(How to complete this task) When you write out the listing below, keep each word exactly as it stands and drop the pictures.

(Data excerpt)
====

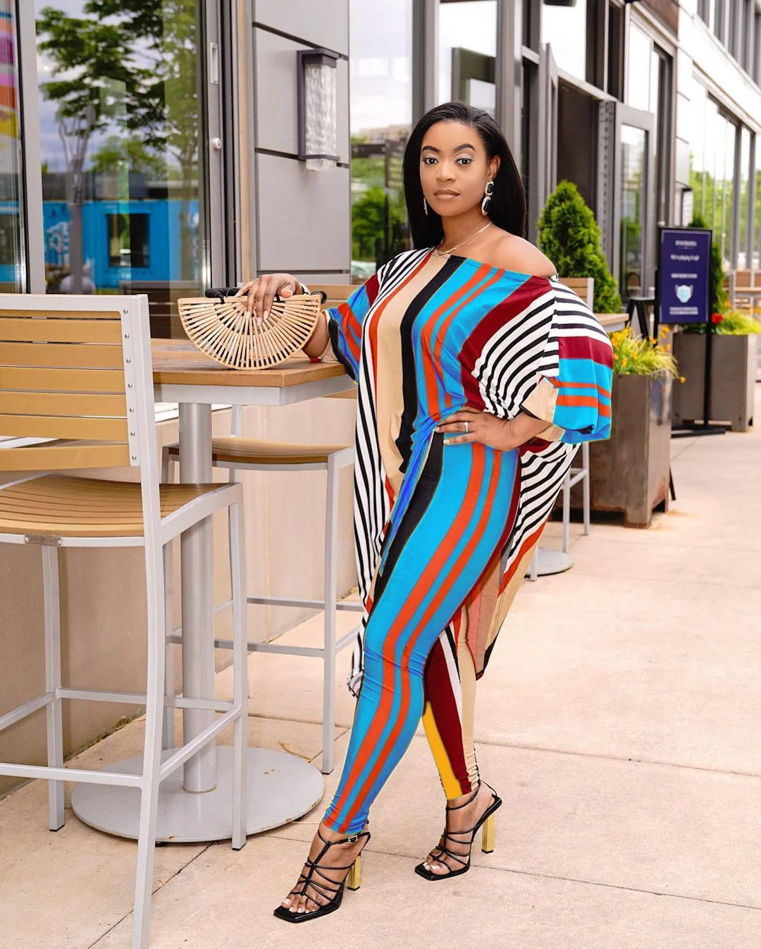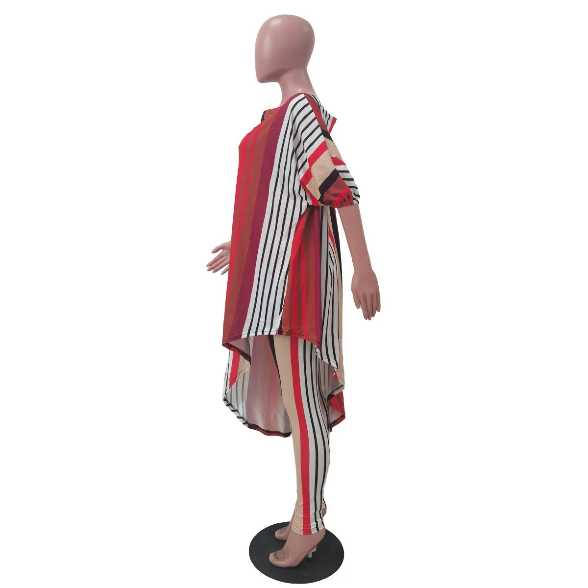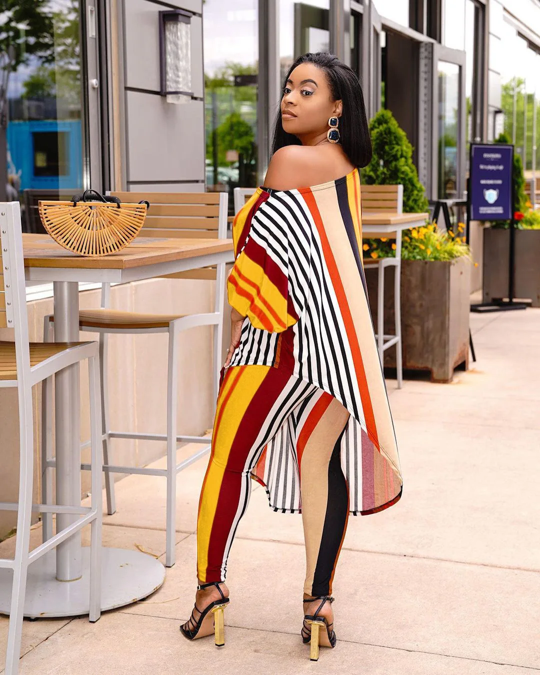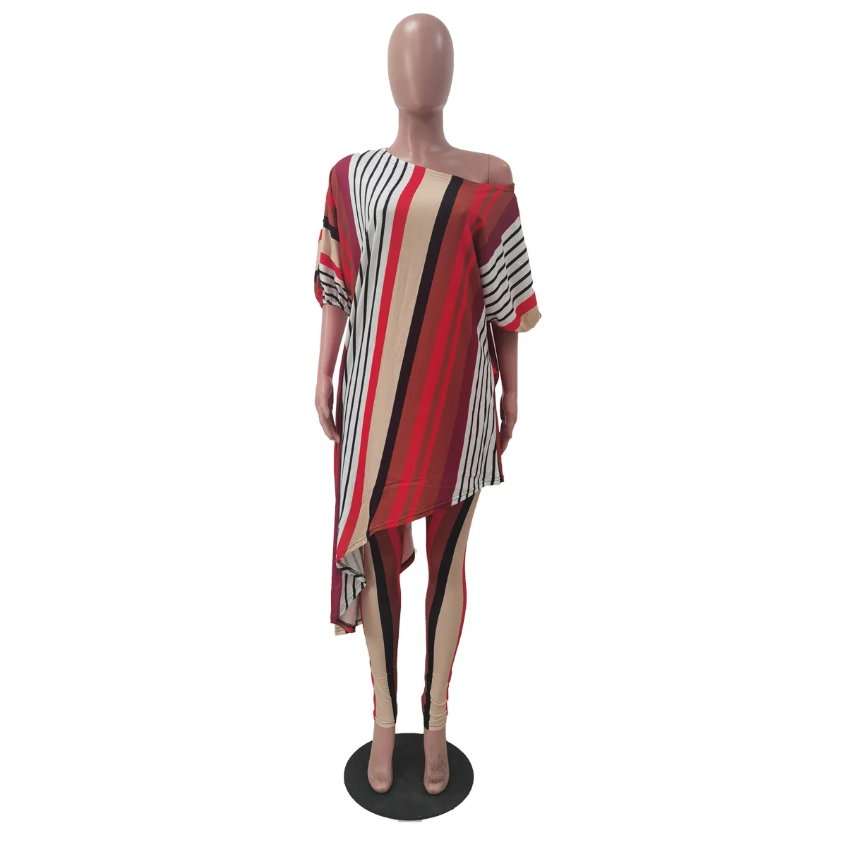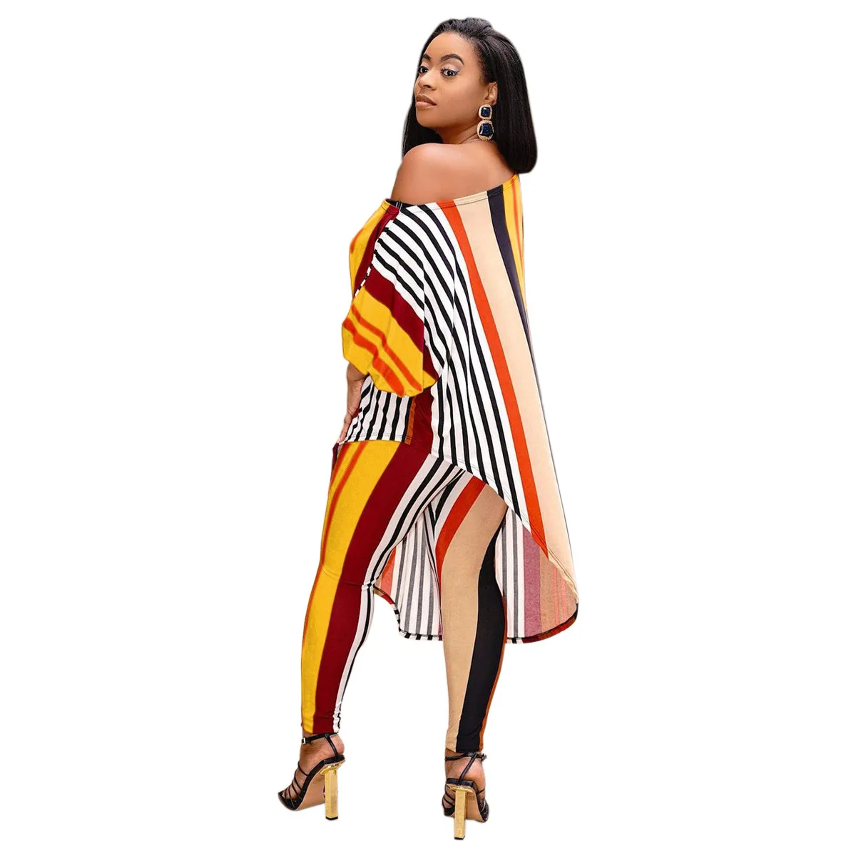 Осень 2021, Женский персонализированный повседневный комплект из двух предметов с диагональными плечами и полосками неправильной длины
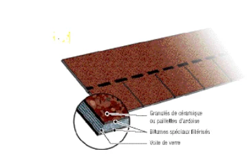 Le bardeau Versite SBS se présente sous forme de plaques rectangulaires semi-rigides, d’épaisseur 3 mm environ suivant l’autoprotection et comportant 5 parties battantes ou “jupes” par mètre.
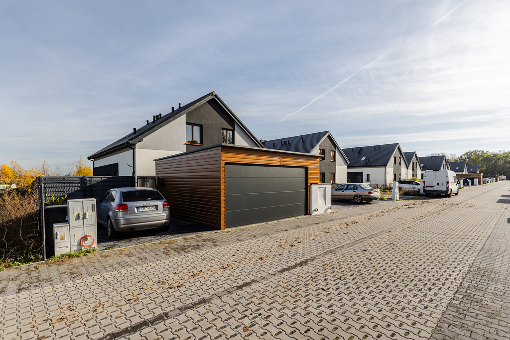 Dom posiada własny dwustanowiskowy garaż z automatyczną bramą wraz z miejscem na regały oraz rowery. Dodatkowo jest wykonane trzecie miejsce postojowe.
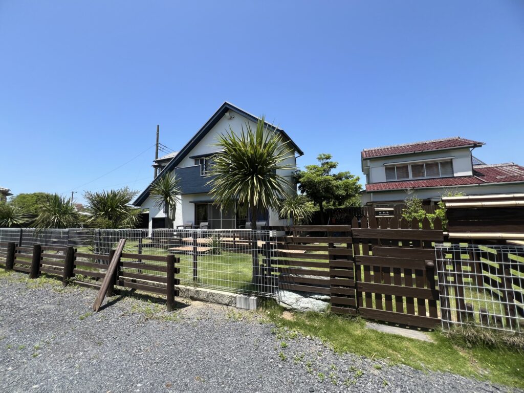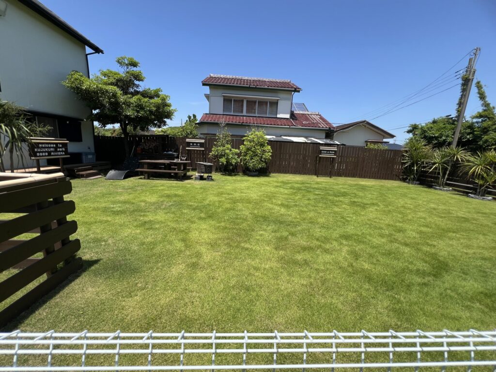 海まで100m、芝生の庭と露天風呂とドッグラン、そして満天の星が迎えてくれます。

====

(Task result)
 Осень 2021, Женский персонализированный повседневный комплект из двух предметов с диагональными плечами и полосками неправильной длины
 Le bardeau Versite SBS se présente sous forme de plaques rectangulaires semi-rigides, d’épaisseur 3 mm environ suivant l’autoprotection et comportant 5 parties battantes ou “jupes” par mètre.
 Dom posiada własny dwustanowiskowy garaż z automatyczną bramą wraz z miejscem na regały oraz rowery. Dodatkowo jest wykonane trzecie miejsce postojowe.
 海まで100m、芝生の庭と露天風呂とドッグラン、そして満天の星が迎えてくれます。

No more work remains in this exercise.